Manuel Maria

José Ribeiro e Castro, Avenida da Liberdade, 20151204

Já não está connosco. 

O Comandante Manuel Pinto Machado era um homem raro. Basicamente era um militar: foi um dedicado marinheiro. Ontem à noite, na Basílica da Estrela, entre os primeiros que se foram juntando para o acompanhar na última despedida, lá estava uma vasta série de companheiros de Marinha da sua geração, colegas de Curso e camaradas de outras e variadas missões militares. Lá estava também o guião da Associação de Fuzileiros, sinal da especialidade a que também pertenceu. Como acontece entre os camaradas de armas, de forma bem marcada na Marinha, pareciam todos irmãos – e sempre jovens como há cinquenta anos. Para quem pudesse ter dúvidas sobre o seu carácter, via-se bem, pela saudade e presença massiva dos companheiros, que o Comandante Manuel Pinto Machado foi um bom camarada. E era. Mais do que isso: era um amigalhaço. 

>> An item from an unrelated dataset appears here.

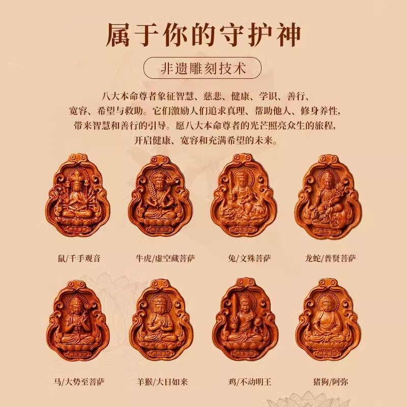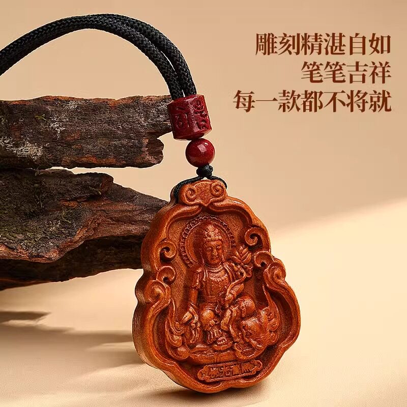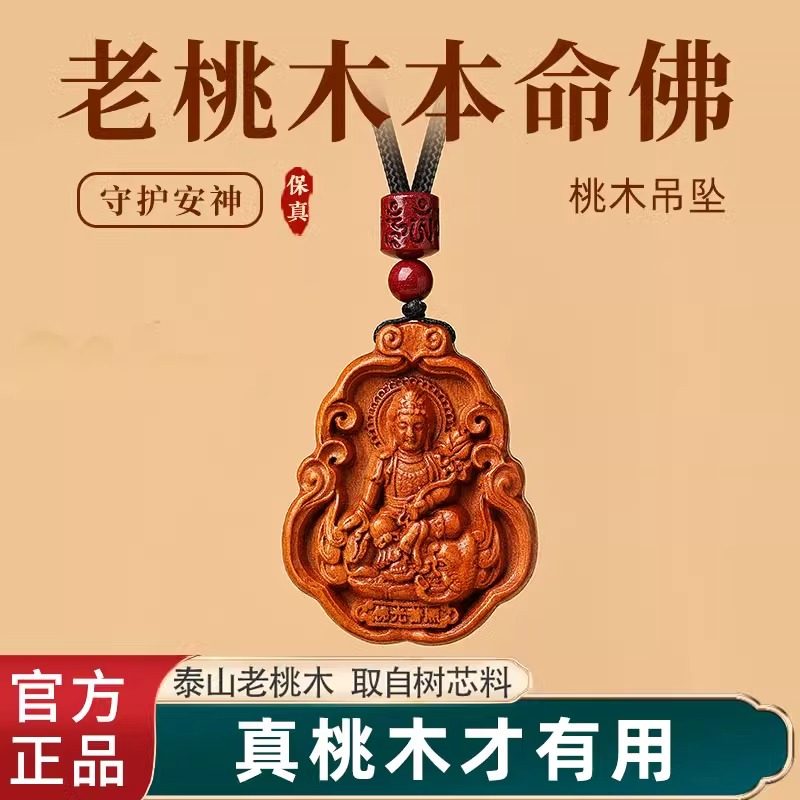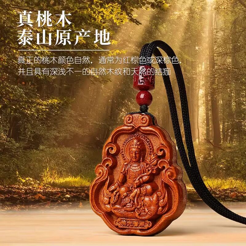 📚 天然老桃木赤马十二生肖本命佛吊坠八大守护神挂件木质护身符项链
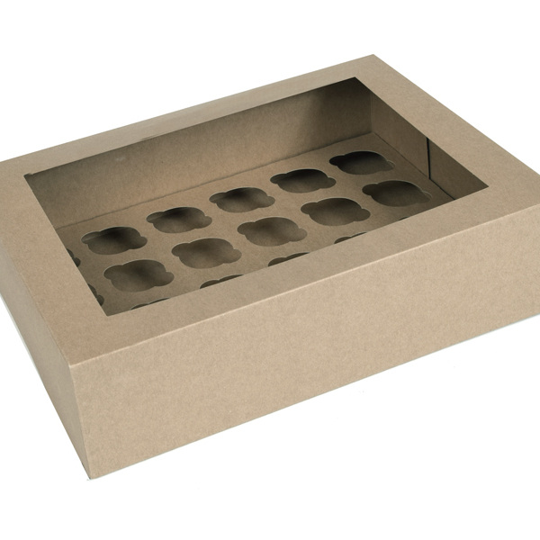 24 mini cupcake VENSTERdoos Kraft incl inleggers FSC, recycled, Composteerbaar,PLA venster 9cm hoog

Até um determinado acontecimento, fez carreira com passo certo na sua Marinha. Comandou alguns navios e foi Imediato noutros. Na Guerra do Ultramar, fez duas comissões de serviço em Angola: a primeira, como fuzileiro; a segunda, que se estendeu também a São Tomé e Príncipe, como comandante da NRP “Cacine”, um navio-patrulha costeiro da Armada. Em Angola, nessa altura, viviam também, em vidas e actividades civis, duas irmãs suas e um irmão, com as respectivas famílias. Esta segunda comissão coincidiu com o 25 de Abril e, depois, a descolonização e o regresso. Deixou o comando da “Cacine” já em 1975. Esta sua última experiência de comando marcou-o tanto que foi com o nome desse navio que baptizou o blog que criou e onde escrevia, na nova era da informação electrónica – o NRP CACINE, cujo lema, atravessado de ironia, é o retrato e o hino da sua personalidade: “O que penso… enquanto me deixam”. Foi neste blog que, em Agosto passado, deixou um quase último post – “Ainda à tona” – com uma metáfora sobre a sua doença, sempre com a assinatura da sua ironia. 

O jovem Cadete
Manuel Maria de Meneses Pinto Machado

Depois, deu-se o outro acontecimento da sua vida profissional. Como militar, em 1980, foi designado para o gabinete do Ministro da Defesa Nacional, Adelino Amaro da Costa. E podemos dizer que entrou militar e saiu político, isto é, civil. 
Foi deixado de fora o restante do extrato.